**GIVEN INFORMATION**

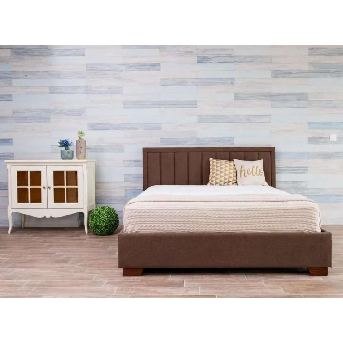 Кровать оснащена встроенным основанием для матраса — прямыми ламелями из березовой фанеры.
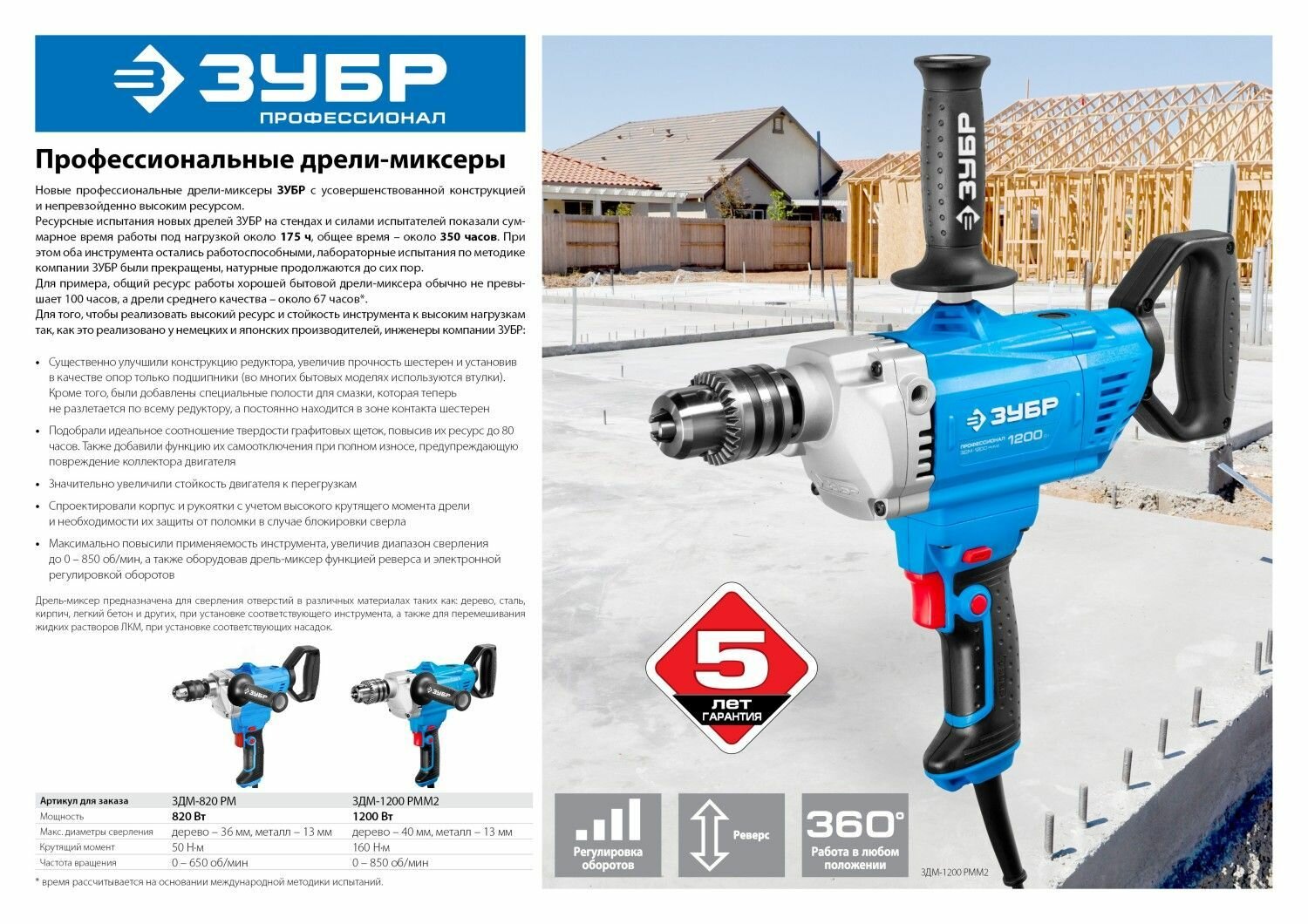 Дрель-миксер Зубр ЗДМ-1200 РММ2 реверсивная
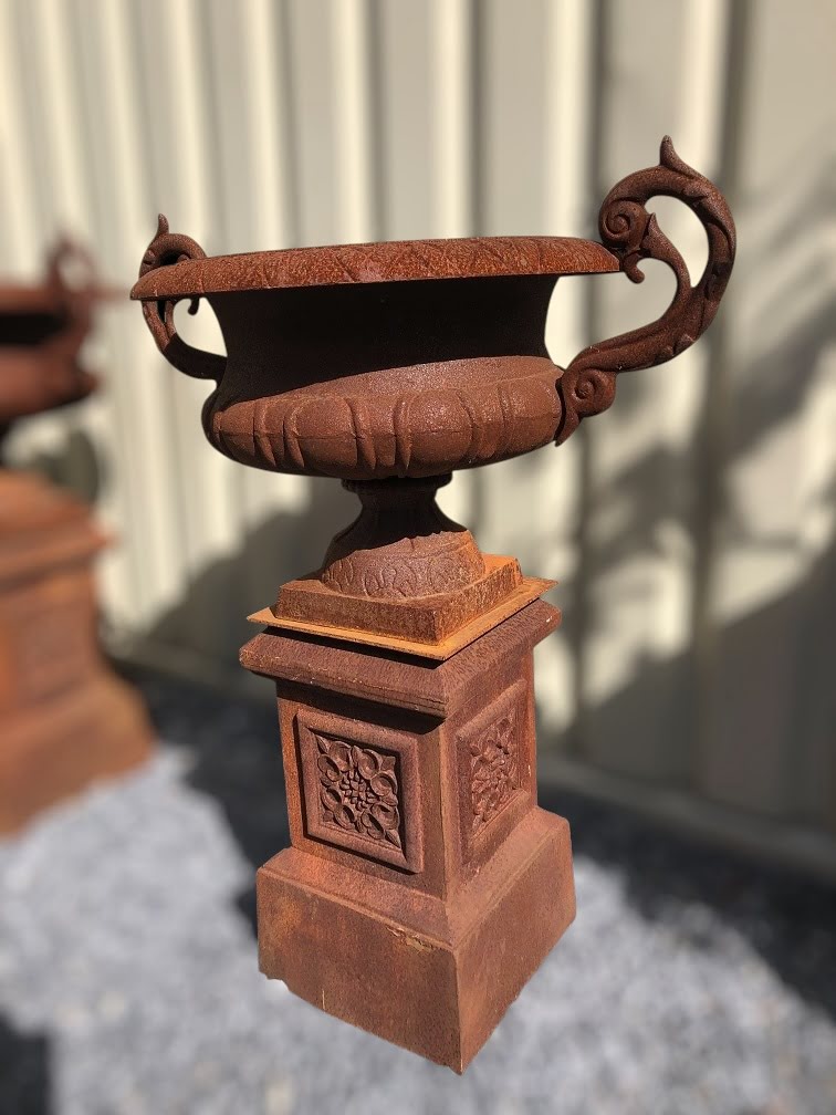 Contenu : 1 vase en fonte sur socle.
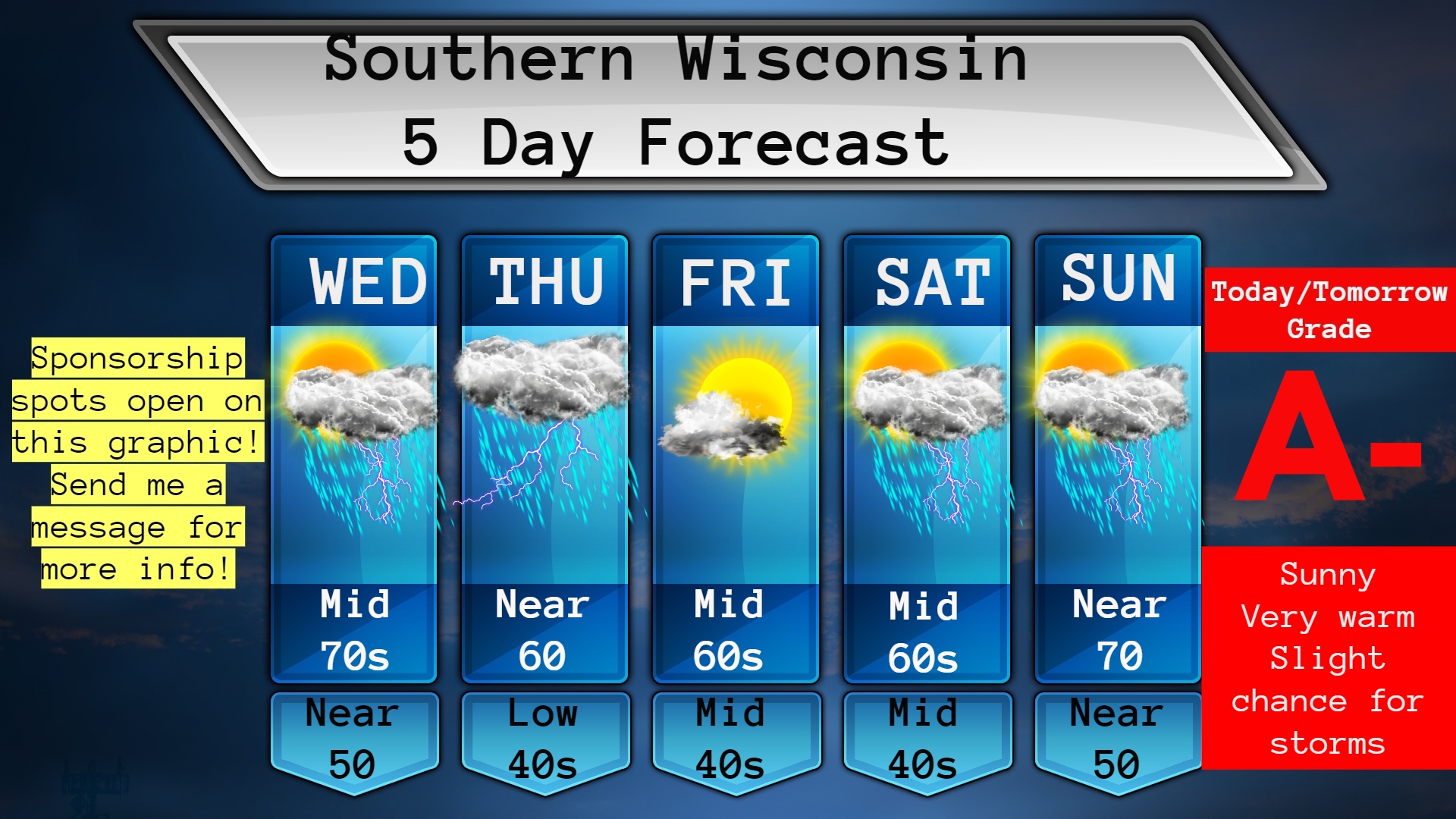 This Wednesday forecast is sponsored by Createscape Landscaping Service, Inc. out of Mukwonago, WI. 262-662-0201, createscapeoffice@wi.rr.com , andwww.createscapelandscaping.com

**EXERCISE DIRECTIONS**
Starting at the line that holds "Дрель-миксер Зубр ЗДМ-1200 РММ2 реверсивная" and stopping at the last line of the listing above, write out each line exactly as it appears, and omit the pictures.

**ANSWER SECTION**
 Дрель-миксер Зубр ЗДМ-1200 РММ2 реверсивная
 Contenu : 1 vase en fonte sur socle.
 This Wednesday forecast is sponsored by Createscape Landscaping Service, Inc. out of Mukwonago, WI. 262-662-0201, createscapeoffice@wi.rr.com , andwww.createscapelandscaping.com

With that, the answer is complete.